### [Task goal]
Search the material for lines containing the word "make", and copy each one.

+--

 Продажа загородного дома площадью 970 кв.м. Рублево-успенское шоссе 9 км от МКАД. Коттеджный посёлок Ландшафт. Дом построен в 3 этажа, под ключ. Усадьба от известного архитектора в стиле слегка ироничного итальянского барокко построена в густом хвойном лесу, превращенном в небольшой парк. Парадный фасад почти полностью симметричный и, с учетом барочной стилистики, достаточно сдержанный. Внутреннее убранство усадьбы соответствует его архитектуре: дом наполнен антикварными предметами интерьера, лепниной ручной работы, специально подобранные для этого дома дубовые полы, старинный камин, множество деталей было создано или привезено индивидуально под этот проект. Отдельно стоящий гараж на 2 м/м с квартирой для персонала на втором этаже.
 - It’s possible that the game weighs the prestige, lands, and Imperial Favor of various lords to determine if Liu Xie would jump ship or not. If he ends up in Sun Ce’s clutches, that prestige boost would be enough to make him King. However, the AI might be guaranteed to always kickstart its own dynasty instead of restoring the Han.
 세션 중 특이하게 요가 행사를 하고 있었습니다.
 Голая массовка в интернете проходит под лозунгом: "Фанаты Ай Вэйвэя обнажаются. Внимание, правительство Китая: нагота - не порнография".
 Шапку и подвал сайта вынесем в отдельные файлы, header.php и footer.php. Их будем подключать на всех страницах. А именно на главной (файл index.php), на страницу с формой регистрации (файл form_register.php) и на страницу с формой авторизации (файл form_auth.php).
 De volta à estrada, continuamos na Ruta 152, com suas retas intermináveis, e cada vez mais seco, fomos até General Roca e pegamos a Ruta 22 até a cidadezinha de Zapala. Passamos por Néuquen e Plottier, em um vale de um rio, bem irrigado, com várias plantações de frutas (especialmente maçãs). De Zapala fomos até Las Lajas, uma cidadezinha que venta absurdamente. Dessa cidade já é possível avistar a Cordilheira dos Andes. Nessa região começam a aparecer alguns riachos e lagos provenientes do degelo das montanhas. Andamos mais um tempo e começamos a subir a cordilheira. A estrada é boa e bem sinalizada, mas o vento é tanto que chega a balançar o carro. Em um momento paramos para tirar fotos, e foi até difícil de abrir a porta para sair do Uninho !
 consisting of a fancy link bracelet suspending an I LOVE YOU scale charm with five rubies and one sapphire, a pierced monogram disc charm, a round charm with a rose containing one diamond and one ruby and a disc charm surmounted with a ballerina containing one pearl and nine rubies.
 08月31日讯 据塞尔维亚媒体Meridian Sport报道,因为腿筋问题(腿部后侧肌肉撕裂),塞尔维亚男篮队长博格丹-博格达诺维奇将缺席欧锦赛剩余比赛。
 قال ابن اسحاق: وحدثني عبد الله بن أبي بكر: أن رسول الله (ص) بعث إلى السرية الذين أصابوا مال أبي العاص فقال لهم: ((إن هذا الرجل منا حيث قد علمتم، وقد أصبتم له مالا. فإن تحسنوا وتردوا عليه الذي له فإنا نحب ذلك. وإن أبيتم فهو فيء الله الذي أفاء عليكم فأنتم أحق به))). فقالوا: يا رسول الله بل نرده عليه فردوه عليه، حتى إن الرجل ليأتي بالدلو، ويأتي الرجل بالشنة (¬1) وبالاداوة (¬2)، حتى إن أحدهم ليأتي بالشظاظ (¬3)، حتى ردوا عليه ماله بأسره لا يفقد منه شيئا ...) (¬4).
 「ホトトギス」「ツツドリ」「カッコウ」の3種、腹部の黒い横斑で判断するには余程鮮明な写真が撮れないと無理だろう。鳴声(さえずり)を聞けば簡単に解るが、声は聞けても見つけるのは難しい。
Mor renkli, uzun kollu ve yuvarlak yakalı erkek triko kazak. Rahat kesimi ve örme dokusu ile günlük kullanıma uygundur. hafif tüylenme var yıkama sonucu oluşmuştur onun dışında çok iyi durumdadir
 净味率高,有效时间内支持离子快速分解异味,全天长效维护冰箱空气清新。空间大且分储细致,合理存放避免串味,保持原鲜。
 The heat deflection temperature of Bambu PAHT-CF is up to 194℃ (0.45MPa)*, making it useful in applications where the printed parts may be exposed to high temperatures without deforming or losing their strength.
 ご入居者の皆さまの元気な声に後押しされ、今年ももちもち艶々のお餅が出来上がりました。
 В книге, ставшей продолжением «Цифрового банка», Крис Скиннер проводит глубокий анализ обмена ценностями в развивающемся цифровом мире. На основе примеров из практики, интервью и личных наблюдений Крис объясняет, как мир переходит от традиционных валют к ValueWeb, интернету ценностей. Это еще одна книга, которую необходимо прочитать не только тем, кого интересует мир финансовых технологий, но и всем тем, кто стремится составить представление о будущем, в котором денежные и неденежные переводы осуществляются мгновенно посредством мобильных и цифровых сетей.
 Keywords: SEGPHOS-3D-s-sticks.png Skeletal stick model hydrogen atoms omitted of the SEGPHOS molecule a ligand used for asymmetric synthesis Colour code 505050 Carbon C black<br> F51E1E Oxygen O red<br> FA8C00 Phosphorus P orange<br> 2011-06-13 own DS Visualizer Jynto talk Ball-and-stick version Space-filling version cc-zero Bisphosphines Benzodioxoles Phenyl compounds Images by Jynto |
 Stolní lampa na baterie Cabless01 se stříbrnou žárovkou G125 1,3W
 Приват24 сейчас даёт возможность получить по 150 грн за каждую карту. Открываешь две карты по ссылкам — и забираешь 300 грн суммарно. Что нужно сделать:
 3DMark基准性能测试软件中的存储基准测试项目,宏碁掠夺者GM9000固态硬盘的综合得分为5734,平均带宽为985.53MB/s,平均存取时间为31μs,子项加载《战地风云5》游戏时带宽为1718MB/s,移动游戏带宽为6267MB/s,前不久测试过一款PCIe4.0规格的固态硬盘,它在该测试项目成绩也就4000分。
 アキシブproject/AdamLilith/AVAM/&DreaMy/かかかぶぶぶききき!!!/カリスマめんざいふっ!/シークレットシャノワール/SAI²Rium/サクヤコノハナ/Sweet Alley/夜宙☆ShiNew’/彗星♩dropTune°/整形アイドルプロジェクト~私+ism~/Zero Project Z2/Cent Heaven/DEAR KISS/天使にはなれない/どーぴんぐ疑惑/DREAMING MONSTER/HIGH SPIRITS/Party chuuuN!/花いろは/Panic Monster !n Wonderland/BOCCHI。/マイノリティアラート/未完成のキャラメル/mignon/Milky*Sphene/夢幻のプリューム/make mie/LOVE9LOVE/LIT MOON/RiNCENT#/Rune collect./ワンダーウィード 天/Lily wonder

+--

### [Task answer]
 - It’s possible that the game weighs the prestige, lands, and Imperial Favor of various lords to determine if Liu Xie would jump ship or not. If he ends up in Sun Ce’s clutches, that prestige boost would be enough to make him King. However, the AI might be guaranteed to always kickstart its own dynasty instead of restoring the Han.
 アキシブproject/AdamLilith/AVAM/&DreaMy/かかかぶぶぶききき!!!/カリスマめんざいふっ!/シークレットシャノワール/SAI²Rium/サクヤコノハナ/Sweet Alley/夜宙☆ShiNew’/彗星♩dropTune°/整形アイドルプロジェクト~私+ism~/Zero Project Z2/Cent Heaven/DEAR KISS/天使にはなれない/どーぴんぐ疑惑/DREAMING MONSTER/HIGH SPIRITS/Party chuuuN!/花いろは/Panic Monster !n Wonderland/BOCCHI。/マイノリティアラート/未完成のキャラメル/mignon/Milky*Sphene/夢幻のプリューム/make mie/LOVE9LOVE/LIT MOON/RiNCENT#/Rune collect./ワンダーウィード 天/Lily wonder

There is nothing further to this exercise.